=== WORK INSTRUCTIONS ===
Copy out all the lines of the data precisely, omitting any pictures.

Segment Start: INPUT DATA

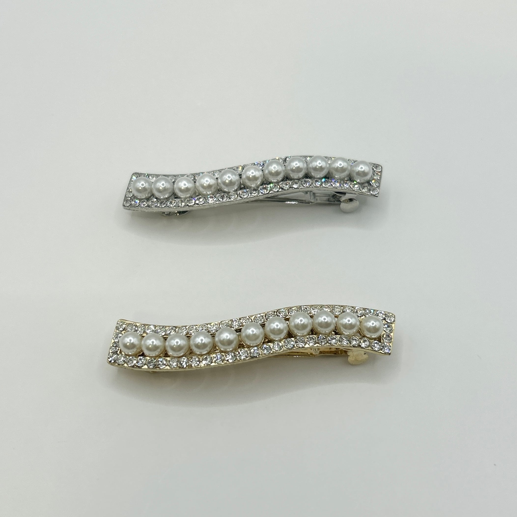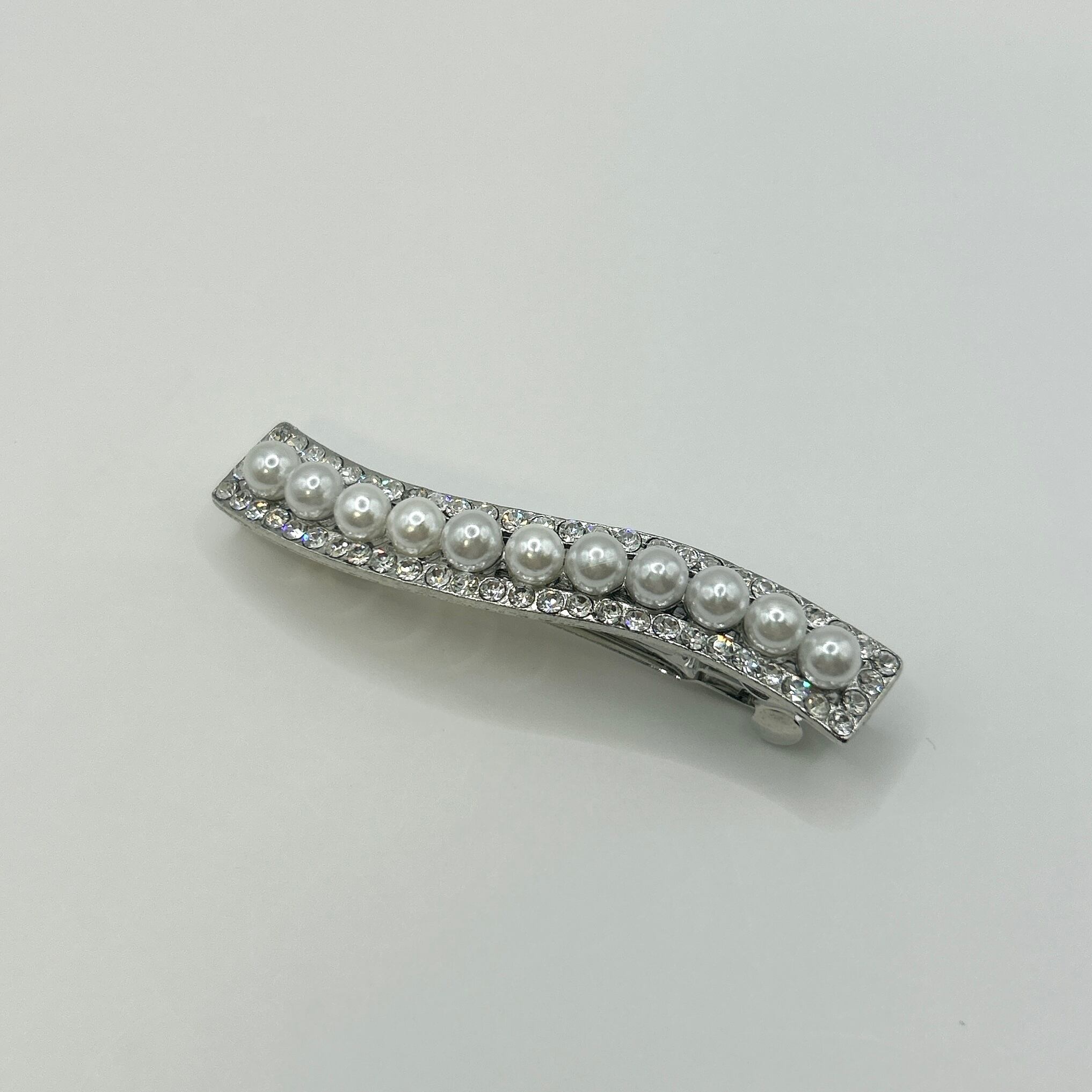華やかなパールときらめくストーンにウェーブのデザインが魅力的なミニサイズのバレッタは、普段使いはもちろん、特別な日のお洒落にもぴったりで、ハーフアップやダウンスタイルにさっとプラスするだけで、目を惹くアクセントを加えることができます♪
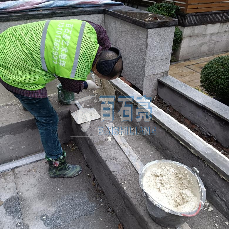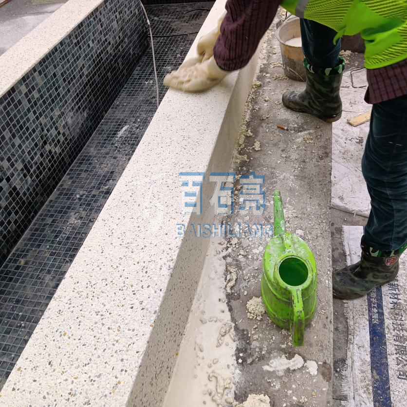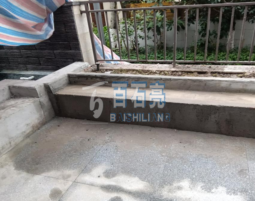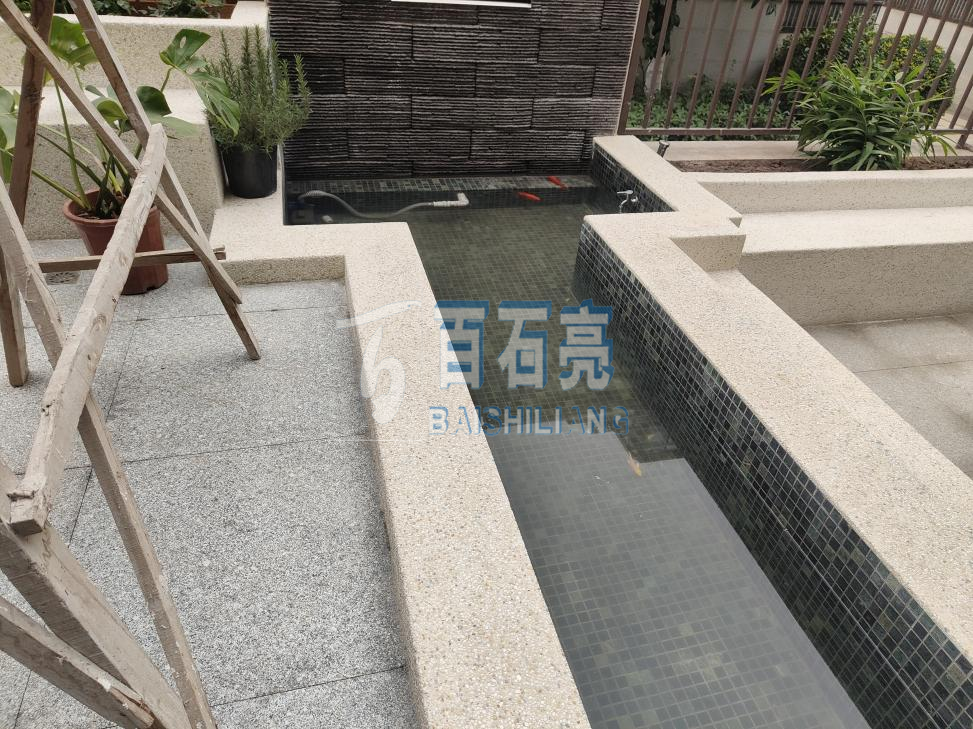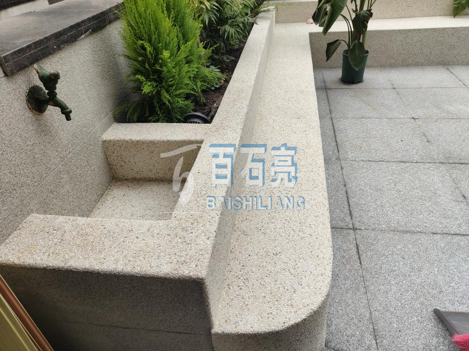 - 渝北壹江郡花園水磨石 這是一款由白色水泥加白色骨料 均勻混合而成的水磨石 用在花園地面 光滑又平整 清新自然 攤鋪 將混合均勻的水磨石材料攤鋪在地面上厚度1.5-2公分。 使用靠尺...
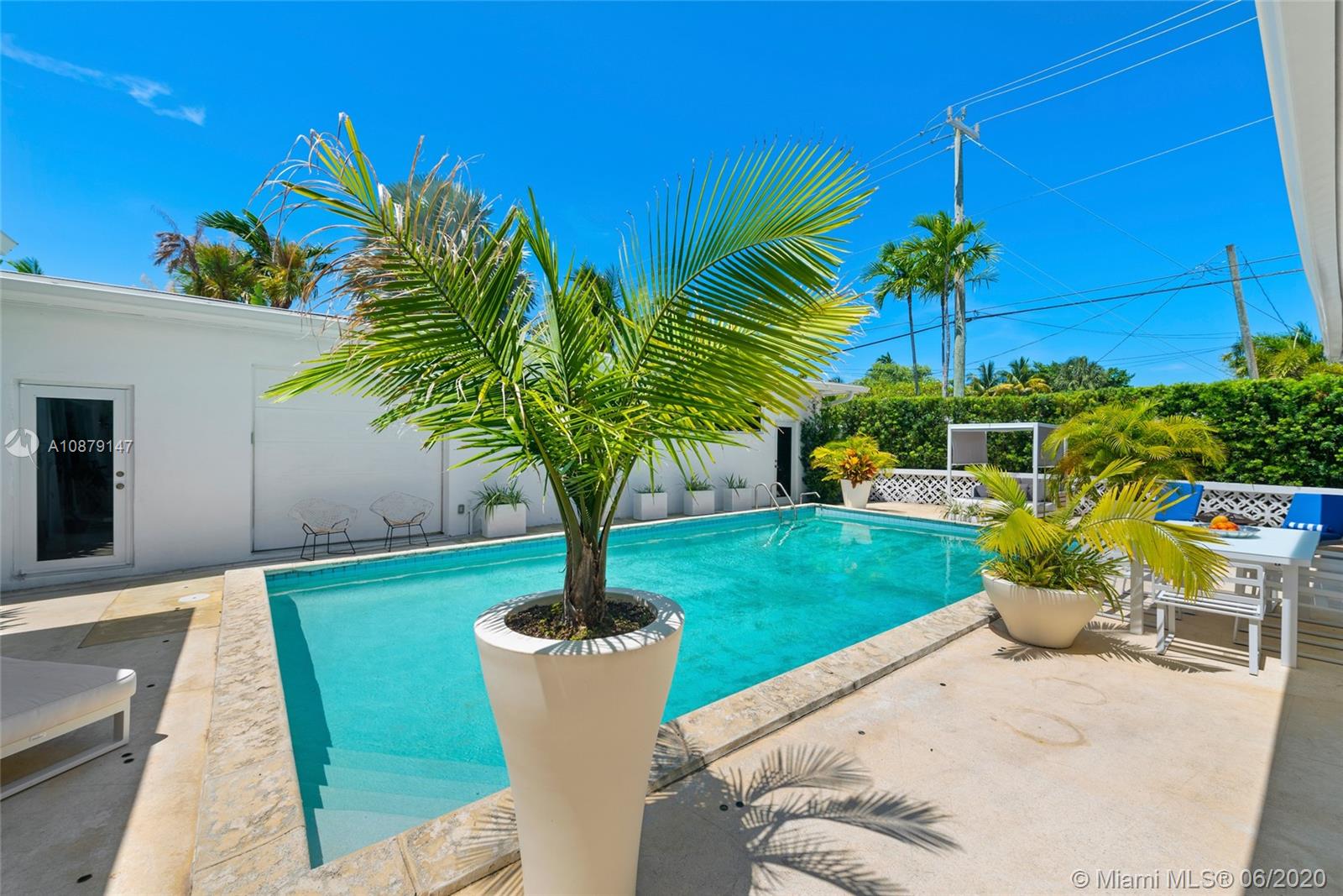 Restored & updated for modern living, this spacious mid-century gem was built to commercial standards in 1959 by a prominent developer as his personal home w/ an excellent 4bd/4ba split floorplan all on one story. Family room opens up to one of the largest courtyard pools in all of Surfside through ingenious sliding glass pocket doors that completely disappear seamlessly merging indoor & outdoor spaces. High end features include Nolte kitchen, Duravit bathrooms, custom terrazzo floors & new enormous detached converted activity center w/ guest quarters, laundry & can be used as a garage/gym/cabana. Situated on a corner lot, this already fantastic home has tremendous potential for future expansion. Partial impact windows & doors. 3D INTERACTIVE TOUR @ my.matterport.com/show/?m=1Hv84z5jVVd

Segment End: INPUT DATA

=== REPLY ===
華やかなパールときらめくストーンにウェーブのデザインが魅力的なミニサイズのバレッタは、普段使いはもちろん、特別な日のお洒落にもぴったりで、ハーフアップやダウンスタイルにさっとプラスするだけで、目を惹くアクセントを加えることができます♪
 - 渝北壹江郡花園水磨石 這是一款由白色水泥加白色骨料 均勻混合而成的水磨石 用在花園地面 光滑又平整 清新自然 攤鋪 將混合均勻的水磨石材料攤鋪在地面上厚度1.5-2公分。 使用靠尺...
 Restored & updated for modern living, this spacious mid-century gem was built to commercial standards in 1959 by a prominent developer as his personal home w/ an excellent 4bd/4ba split floorplan all on one story. Family room opens up to one of the largest courtyard pools in all of Surfside through ingenious sliding glass pocket doors that completely disappear seamlessly merging indoor & outdoor spaces. High end features include Nolte kitchen, Duravit bathrooms, custom terrazzo floors & new enormous detached converted activity center w/ guest quarters, laundry & can be used as a garage/gym/cabana. Situated on a corner lot, this already fantastic home has tremendous potential for future expansion. Partial impact windows & doors. 3D INTERACTIVE TOUR @ my.matterport.com/show/?m=1Hv84z5jVVd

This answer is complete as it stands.